Student loan debt is a real challenge for many people, particularly recent graduates out there trying to find work that, in some cases, just isn't there. When keeping up with student loans becomes not only challenging, but impossible, some may wonder whether bankruptcy can provide them with a way out of the mire. The answer is that it can, but only under certain circumstances.
While debtors used to be able to discharge student loans in bankruptcy like most other debts, that changed in 1976. Under federal law, student loans can only be discharged in bankruptcy when continuing to pay them would place an "undue hardship" on the debtor. This high standard is measured by what is known as the Brunner test, which comes from a 1987 federal court decision.
Under the Brunner test, there are several conditions for receiving a discharge of student loans in bankruptcy.

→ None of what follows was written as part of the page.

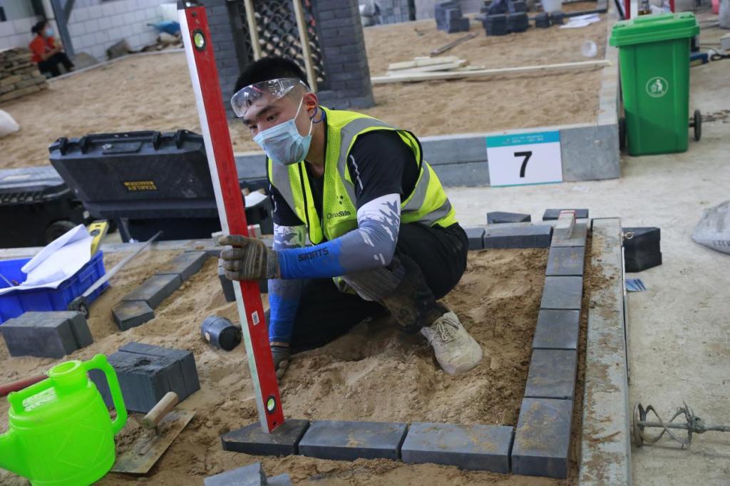 园艺赛项考核内容涵盖园林施工图设计、测量、园林工程施工等方面的知识和技能。每个参赛组由2位选手组成,选手首先根据指定的环境、材料在3小时内完成一套7m×7m的小花园景观设计施工图,然后根据本团队的设计经过21小时施工,在指定工位上完成木作、砌筑、铺装、水景营造、植物造景等模块,各模块有机结合在一起组成一件园艺作品。比赛现场,参赛选手根据赛项规程规范制图,加入创新设计理念;身着统一工作服,手带劳保手套,熟练地运用各种工具和材料进行施工搭建,合理分工、配合默契、凝神专注。

These are:
- The debtor is unable to maintain a "minimal" standard of living based on current income and expenses
- These circumstances are likely to persist for a significant portion of the repayment period
- The debtor has made good faith efforts to repay the loans.
In practice, it is very difficult to meet the requirements for attaining a discharge of student loans in bankruptcy. Because of the difficulty of meeting the standard, many people don't even bother trying. Something like 1,000 people per year attempt to bring undue hardship claims, but there are no numbers indicating how many are successful.
Those who feel they may have a case for undue hardship should speak to their bankruptcy attorney to determine what options are on the table and the best way to proceed.